La 64enne è morta il 19 ottobre 2015 dopo uno shock settico, sopraggiunto nel decorso post operatorio all’interno della clinica in cui era stata ricoverata - il 15 giugno sempre dello stesso anno - e dove era stata sottoposta a un intervento chirurgico per una patologia cardiaca. Per i figli e i nipoti, si sarebbe trattato di un caso di malasanità. Di qui la decisione di affidarsi a un legale e di richiedere un risarcimento in sede civile. Che il tribunale ha riconosciuto. I figli della donna hanno spiegato che, nonostante la terapia antibiotica specifica fosse stata avviata solo 5 giorni prima, la madre venne dimessa il 13 luglio 2015 con prescrizione farmacologica per le patologie dalle quali era già affetta (ipertensione arteriosa, cardiopatia ischemica, diabete mellito), senza alcuna indicazione su una terapia antibiotica da seguire dopo l'operazione, e senza alcuna menzione dela febbre registrata durante la degenza. 

 

 

 

Tuttavia, il referto della Tac al torace della 64enne - eseguita giorni prima, il 6 luglio 2015 - faceva intuire che il quadro clinico fosse compromesso: “Esiti di stereotomia mediana. Imbizione dematosa dei tessuti molli pre e retro sternali. Polmone destro e polmone sinistro: falda di versamento pleurico”. I figli nella denuncia hanno riferito che al momento delle dimissioni del 13 luglio 2015 era già possibile sospettare l’insorgenza di una mediastinite. 

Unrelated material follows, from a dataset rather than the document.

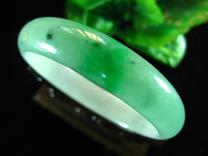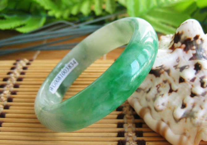 白地青种的绿、白分明,底色一般较白,绿色鲜艳,虽然水头不好,但也有很多年轻妇女购买。白地青种一般只适合做手镯、雕件、挂牌。小型挂件或手镯价格一般在1千到1万元之间。价格取决于种的好坏和绿色范围大小和色泽。

Sulla scorta del tenore delle dichiarazioni dei consulenti nominati dalla famiglia - si legge nella sentenza - “si può desumere agevolmente che, alla luce delle condizioni febbricitanti della paziente, le sue dimissioni si dovevano ritenere premature e che, nel caso di specie, sarebbe stato più appropriato un approccio più prudente”. E ancora: "Le responsabilità devono essere ripartite tra la struttura clinica e il medico chiamato in causa. In pari misura”.